SeputarDesa.com, Jombang – Polemik kesejahteraan Badan Permusyawaratan Desa (BPD) di Kabupaten Jombang kian memanas. Pernyataan Persaudaraan Kepala Desa Indonesia (PKDI) yang mendorong BPD melakukan aksi langsung kepada kepala desa menuai reaksi keras dari Asosiasi Badan Permusyawaratan Desa Nasional (ABPEDNAS). Perbedaan sikap ini membuka konflik terbuka antarlembaga desa terkait arah perjuangan Biaya Operasional (BOP) dan kesejahteraan BPD.
Ketua DPC PKDI Jombang, Supono, SP, secara tegas menyatakan bahwa apabila terdapat kepala desa yang tidak memberikan BOP BPD sesuai Peraturan Bupati (Perbup), atau mengelola Pendapatan Asli Desa (PAD) dengan mengesampingkan kesejahteraan BPD, maka tekanan seharusnya diarahkan langsung kepada kepala desa.
“Regulasi sudah jelas. Kalau ada BPD tidak menerima BOP sesuai Perbup, maka yang harus dihadapi adalah kepala desanya. Jangan salah sasaran, ini bukan ranah Bupati,” tegas Supono.
Namun pernyataan tersebut langsung menuai respons keras dari ABPEDNAS. Ketua DPC ABPEDNAS Jombang, Akhmad Zazuli, menilai sikap PKDI sangat disayangkan dan berpotensi memicu konflik horizontal di tingkat desa.
“Kepala desa itu binaannya PKDI. Kalau sekarang PKDI justru mendorong BPD berdemo ke kepala desa, ini sangat disayangkan. Jangan sampai ini mengarah pada adu domba antara BPD dan kepala desa,” tegas Akhmad Zazuli.

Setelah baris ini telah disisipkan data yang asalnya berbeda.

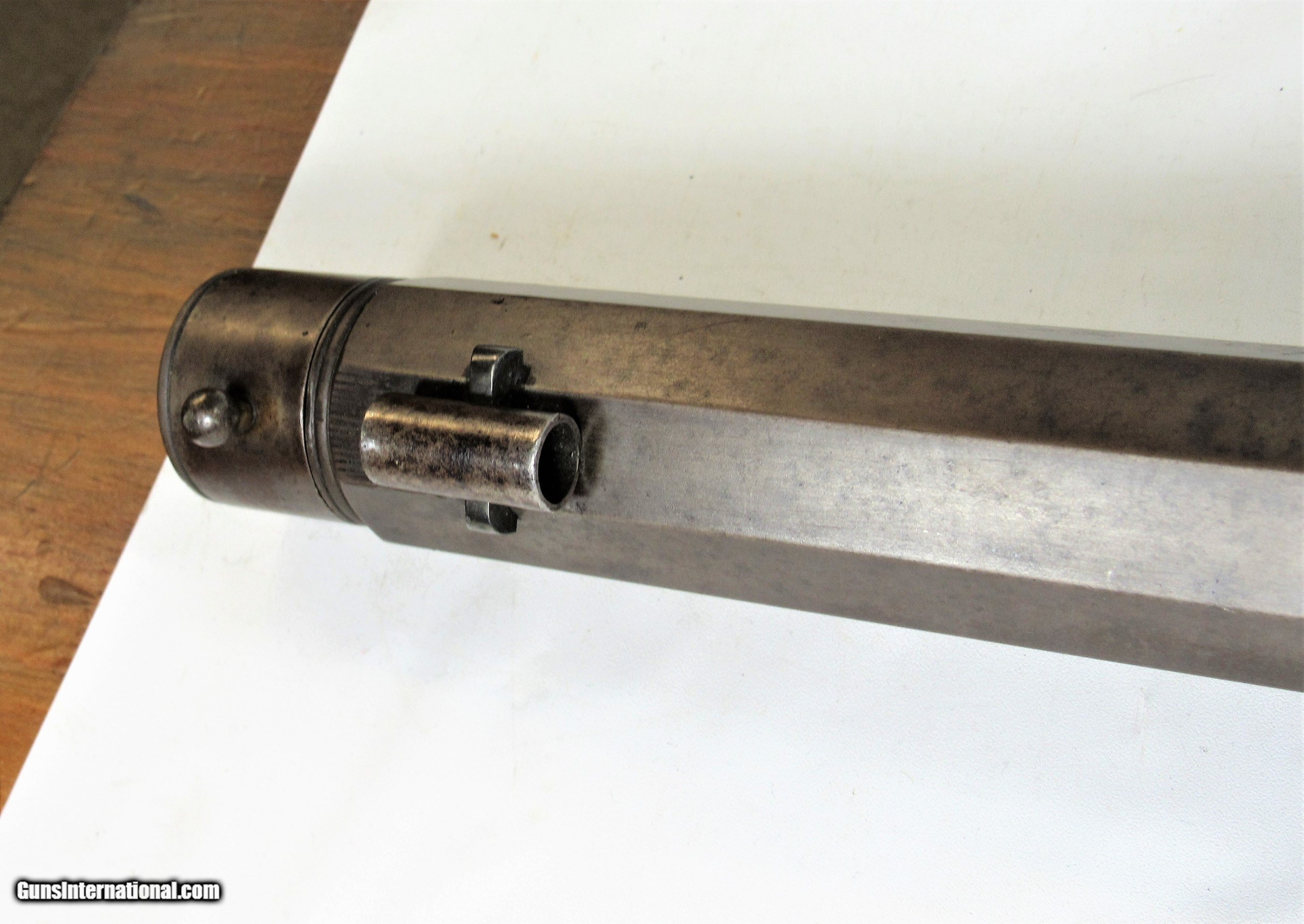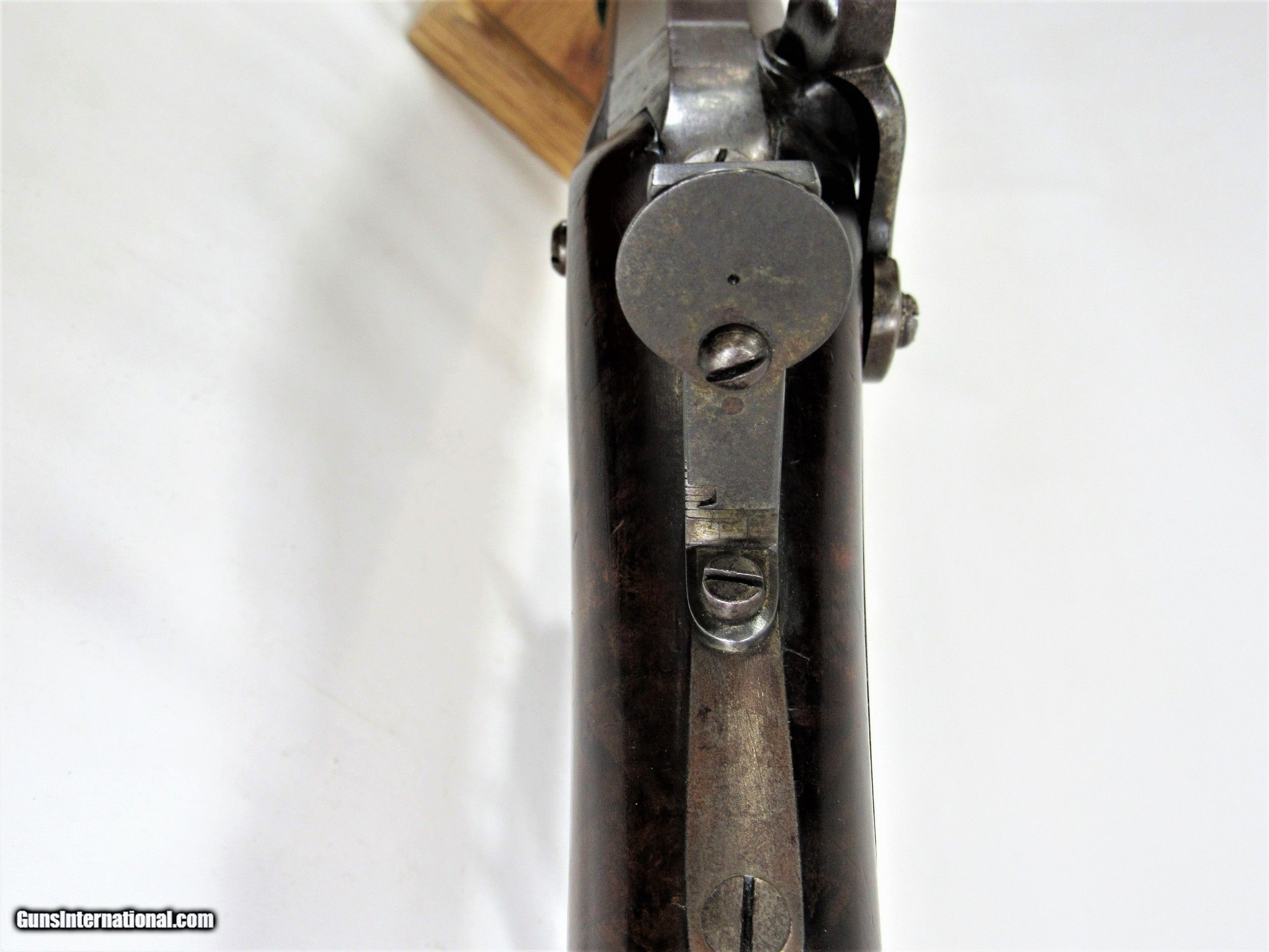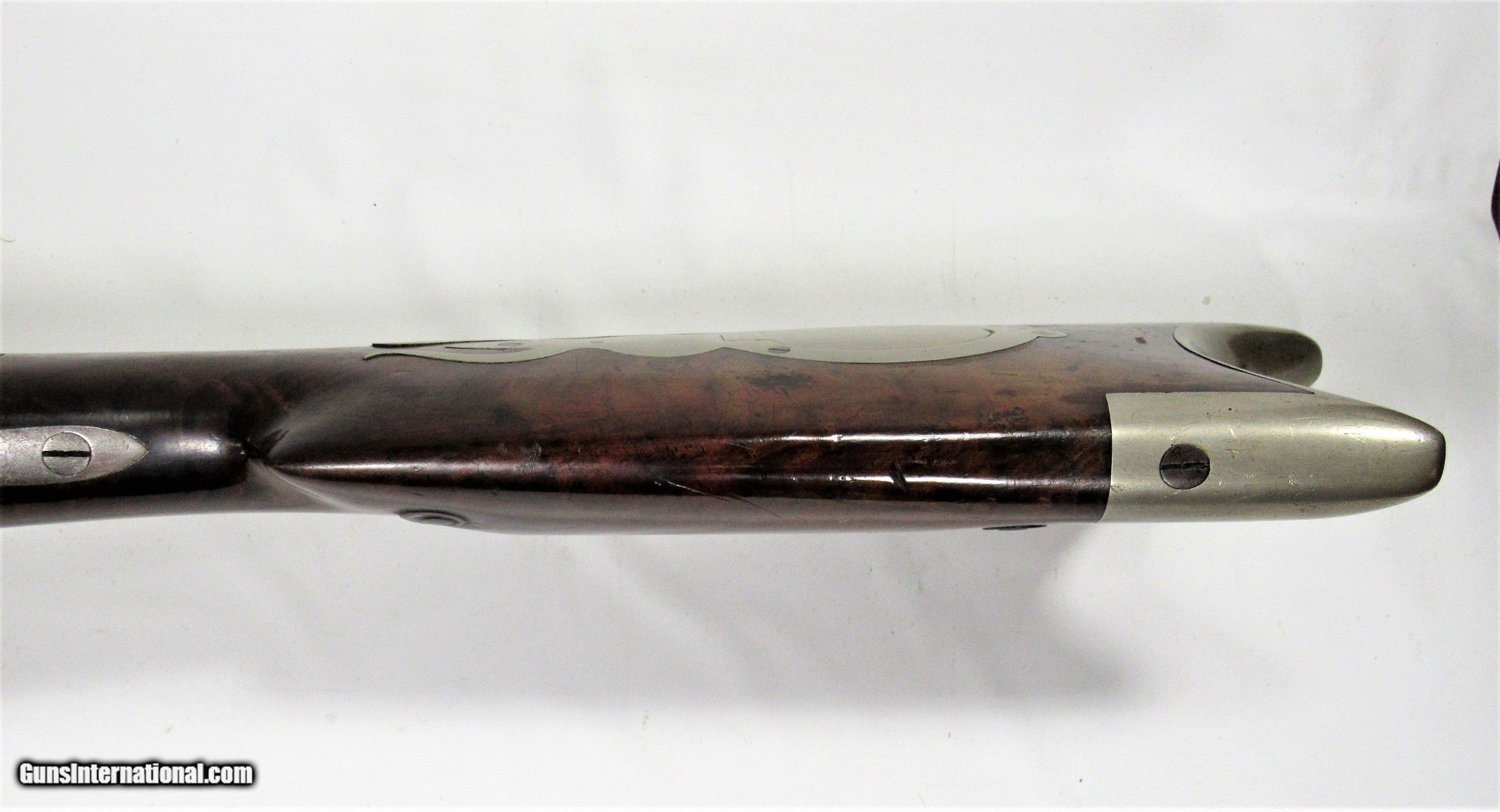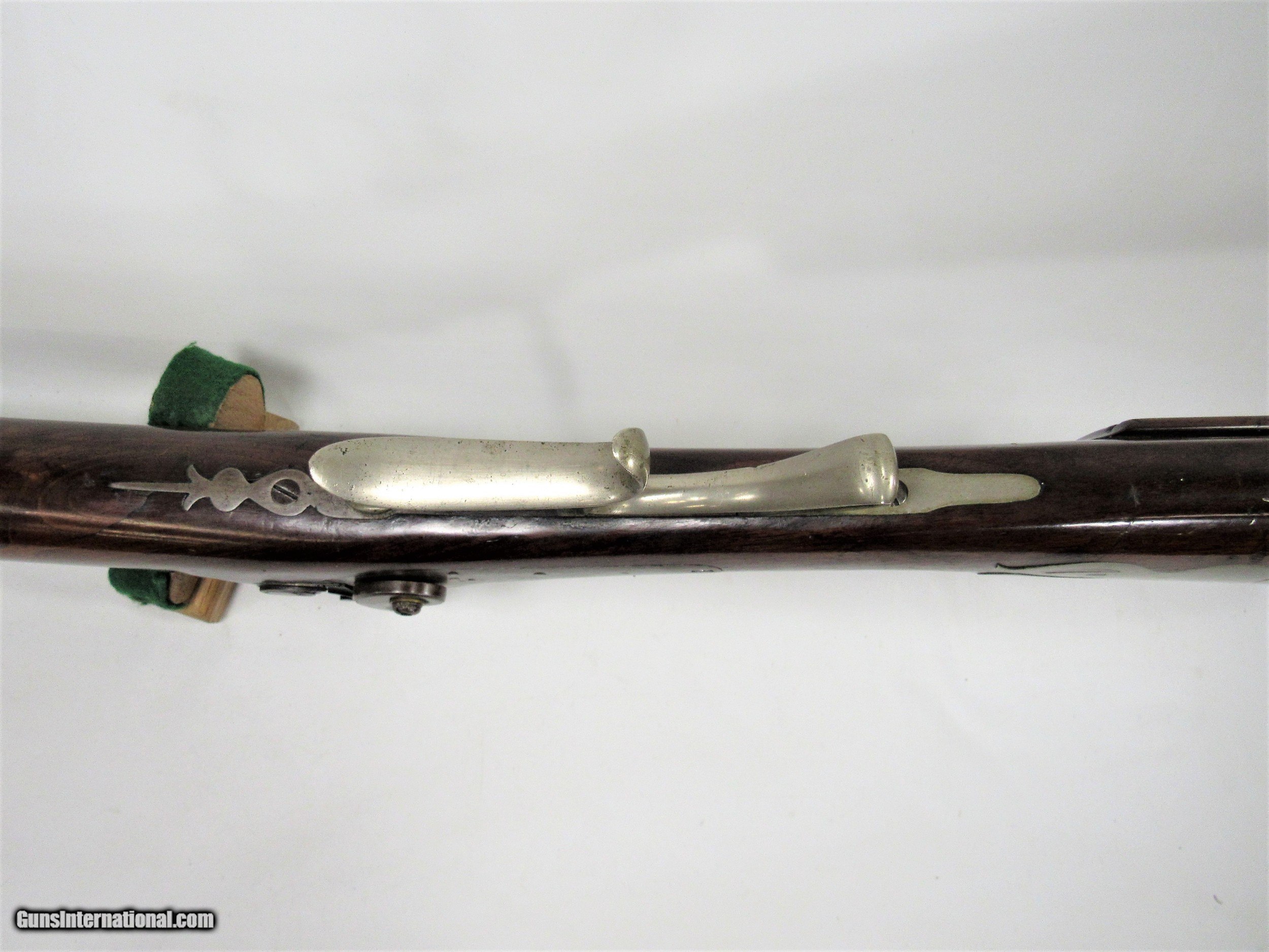 Description: PH HOWE PERCUSSION TARGET RIFLE 40 CAL 33” WITH FALSE MUZZLE FOR LOADING. CLEAN BORE, TANG SIGHT, GLOBE FRONT SIGHT WITH GERMAN SILVER PLATED CAP, TRIGGER GUARD, PATCH BOX AND BUTT PLATE. DOUBLE SET TRIGGERS. NICE WOOD. SOLD |

Ia menilai persoalan kesejahteraan BPD tidak bisa diselesaikan dengan mendorong konflik langsung di desa. Menurutnya, apabila terdapat kepala desa yang tidak menjalankan Perbup, maka fungsi pembinaan organisasi kepala desa justru harus diperkuat.
“Kalau ada kepala desa yang melanggar aturan, seharusnya PKDI membina anggotanya, bukan melempar konflik ke BPD. BPD dan kepala desa itu mitra, bukan lawan,” ujarnya.
Di tengah memanasnya perbedaan pandangan tersebut, Kepala Dinas Pemberdayaan Masyarakat dan Desa (DPMD) Kabupaten Jombang Solahudin Hadi Sucipto menegaskan bahwa persoalan kesejahteraan BPD membutuhkan dua jalur perjuangan sekaligus, yakni ke atas dan ke samping.
Perjuangan ke atas dimaknai sebagai upaya DPMD dalam mengawal aspirasi BPD ke tingkat pengambil kebijakan, termasuk berkoordinasi dengan Bupati dan perangkat daerah terkait kebijakan serta penganggaran. Sementara perjuangan ke samping diarahkan pada pembenahan relasi dan keselarasan di tingkat desa, khususnya antara kepala desa dan BPD, agar regulasi yang sudah ada benar-benar dijalankan.
Ia menegaskan agar persoalan tersebut tidak sepenuhnya dialamatkan kepada pemerintah kabupaten.
“Jangan hanya menyalahkan kami yang di kabupaten. Regulasi sudah ada,” tegasnya.
Menurutnya, kunci persoalan justru banyak terjadi pada tataran pelaksanaan di desa. Karena itu, kepala desa diminta tidak hanya berpegang pada aturan formal, tetapi juga mengedepankan itikad baik dalam membangun hubungan kerja dengan BPD.
“Seharusnya kepala desa juga bisa berhati baik dengan BPD. Jangan sampai hak BPD dikesampingkan. Piye penake, kalau desa ingin berjalan kondusif dan pemerintahan desa sehat,” ujarnya.
Ia menekankan bahwa tanpa kepatuhan dan sikap bijak dari kepala desa, kebijakan di tingkat kabupaten tidak akan berdampak nyata. Sebaliknya, tanpa dukungan kebijakan dan anggaran dari atas, pembenahan di tingkat desa juga tidak akan berjalan optimal.
Hingga kini, polemik kesejahteraan BPD masih menjadi isu sensitif di Jombang. Semua pihak kini menunggu apakah perbedaan sikap ini akan bermuara pada solusi kebijakan bersama, atau justru memperlebar konflik di tingkat desa.